The Jewish Resistance
The kind of racism and bigotry promulgated by the Nazis was met with resistance, even though it took quite some time to boil. After the deportations were enacted, ghettos in Poland at the end of 1942 sought the need for armed resistance. The Jewish Combat Organization and the Jewish Military Union, for instance, were one of the many groups formed underground. History accounts for over 100 revolts and uprisings, and the most well-known resistance is the Warsaw Ghetto Uprising in April 1943. When the Germans arrived to round up the remaining inhabitants to be sent to extermination camps, they were met with armed fighters. Although poorly armed, the Jewish resisters held the SS at bay for almost four weeks. The Germans reported only 16 deaths, but Polish and Jewish accounts say that thousands of Germans were killed. According to Gwardia Ludowa, a Polish resistance newspaper, here the supposed exceptional combat skills Germans had waned – their victory was one through burning and destruction. The fighting Jews pulled the truth out of Germany; their weakness.

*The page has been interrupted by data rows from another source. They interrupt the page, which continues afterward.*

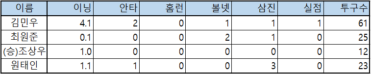 | 이름 | 이닝 | 안타 | 홈런 | 볼넷 | 삼진 | 실점 | 투구수 |
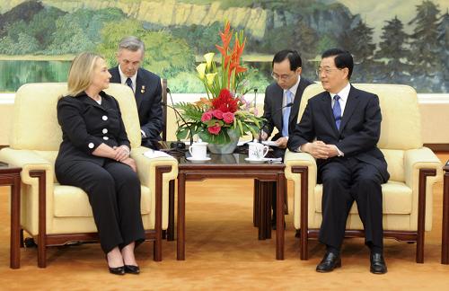 Hu Jintao, the chariman of China, meets Clinton, America Secretary of State, in Great Hall of People.
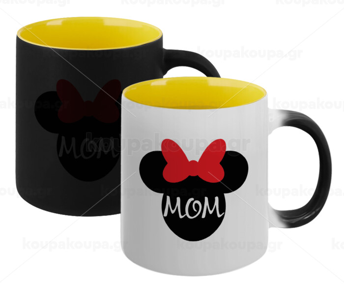 mini mom, Κούπα Μαγική εσωτερικό κίτρινη, κεραμική 330ml που αλλάζει χρώμα με το ζεστό ρόφημα
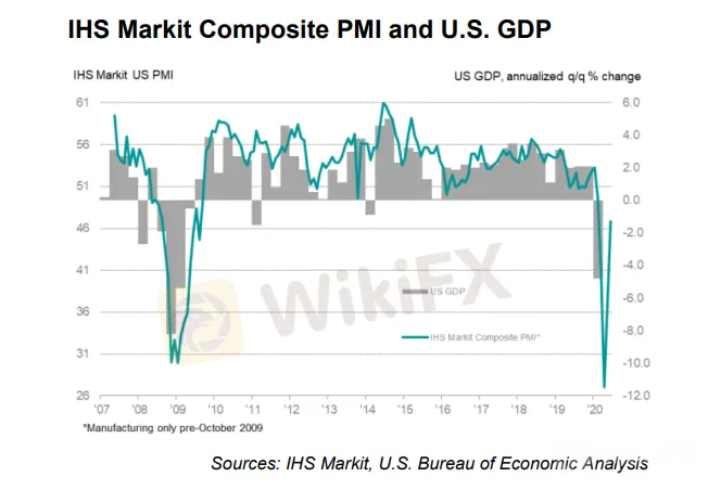 According to WikiFX App, the Markit Services PMI increased to 46.7 on June 2020 from 37.5 in the previous month; the Markit Manufacturing PMI rose to 49.6 on June 2020 from 39.8 in May. The two indicators have recorded a new high over the past four months, but below the entrepreneur confidence threshold, which indicates the US economy is still in a weak status.
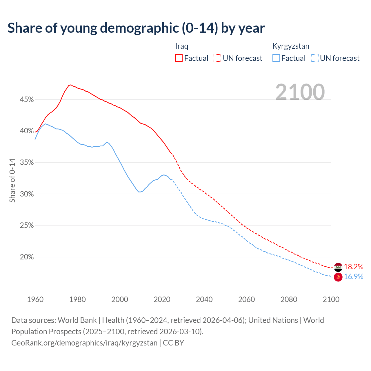 - The share of young demographic (0-15 years old) in Iraq is 36.6% vs 32.3% in Kyrgyzstan.
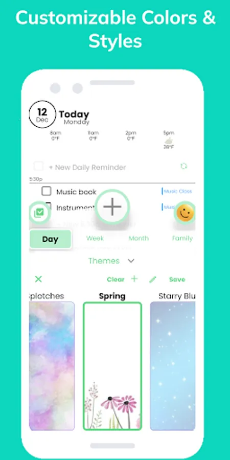 Choose from many different colorful themes, and set your preference for event styling and sizes on the calendar.
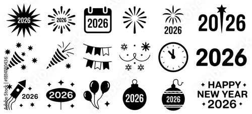 © graphixecho, Naklejka premium happy new year 2026 festive icons
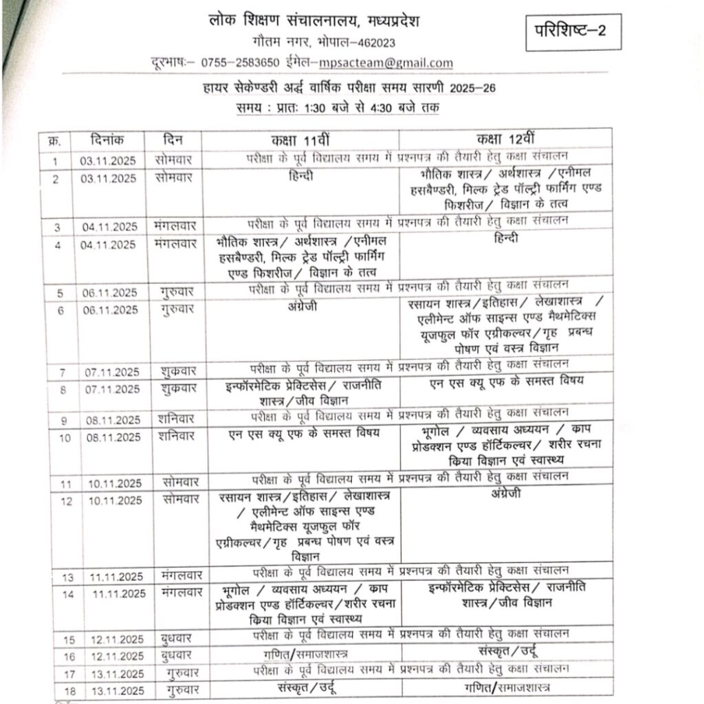 एमपी बोर्ड मध्य प्रदेश शिक्षा विभाग के द्वारा कक्षा 11वीं और 12वीं की अर्धवार्षिक परीक्षा का आयोजन 3 नवंबर 2025 से प्रारंभ होकर 13 नवंबर 2025 तक किया जाएगा परीक्षा का समय धोखा 1:30 बजे से 4:30 तक सुनिश्चित किया गया है। कक्षा 11वीं कि विद्यार्थियों की अर्धवार्षिक परीक्षा में पहली परीक्षा हिंदी विषय की होगी वही कक्षा 12वीं की विद्यार्थियों के लिए पहली परीक्षा भूगोल अर्थशास्त्र की होने वाली है।
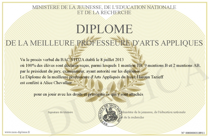 Envoyez par email votre Diplôme de la meilleure professeure d'Arts Appliqués personalisé
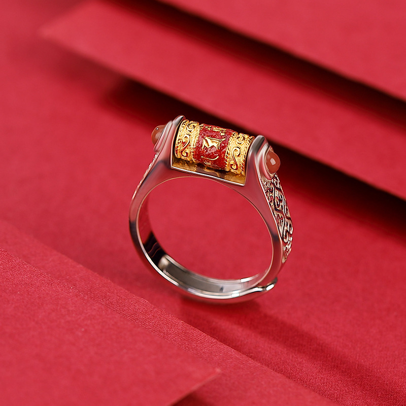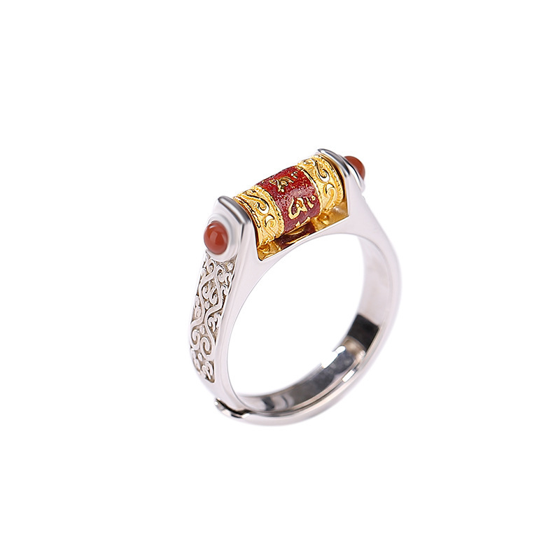 新品南红浮雕立体祥云六字真言心经转动戒指开口指环
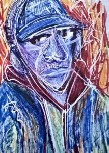 Bei Ralf jedenfalls ist das so. Er zeigt ein naturgetreu gemaltes Portrait seiner letzten großen Liebe, die schon vor 11 Jahren wegen seines und ihres Drogenkonsums in die Brüche gegangen ist. Auch die unzähligen anderen Frauenbildnisse, schnell hingezeichnete Skizzen, erzählen von der Einsamkeit und vielleicht auch von dem Wusch, wieder eine Partnerin zu finden. Der 61jährige Akademie-Student, der in unzähligen Knast-Aufenthalten wegen des Gebrauchs illegalisierter Substanzen und Fahrens ohne Ticket sein Talent für die Malerei perfektioniert hat, beschäftigt sich künstlerisch aber nicht nur mit Motiven von Frauen. Die Aufgabe, ein Bildnis aus dem eigenen Leben zu schaffen, löste er, der sonst sehr naturgetreu, wenn auch zumeist der Phantasie entspringend, unterwegs ist, eher abstrakt. In Erinnerung seines langen Kokain-Konsums malte er mit pastösem Farbauftrag auf eine Leinwand einige weiße Linien und dazu klebte er Alufolie, in die der rauschauslösende Stoff üblicherweise auf dem Schwarzmarkt verpackt ist. Ein ganz anderes Kunstwerk wiederum ist sein kleiner Garten, den er auf einem freien Stück Erde neben dem Gehweg an seinem Platz, an dem er die fiftyfifty verkauft, geschaffen hat. Gartenkunst ist nicht erst seit den Palmen auf Verkehrsinseln von Tita Giese en vogue; Ralf kennt sich aus. Und seine Kund*innen bewundern die kleine Pflanzen-Oase, die er von Meisterhand angelegt hat. „Kunst ist Leben“, so Ralf, und: „Bilder sind meine Seele.“

The spirit of resistance also visited Auschwitz. In 1944, when 300 Jewish members of the Sonderkommando learned they were about to be murdered, they attacked the guards and blew up a crematorium. One of the SS officers was stuffed into an over, and two more were killed. Unfortunately, none of the rebels survived, as they were quickly swamped by armed guards.
As the Germans execution the termination of an entire race, the world war waged on. The Red Army and US soldiers broke through their defenses, and soon they were sent panicking. Such cruelty cannot survive long in the world, as even when Adolf Hitler rose to power, he too came crashing down.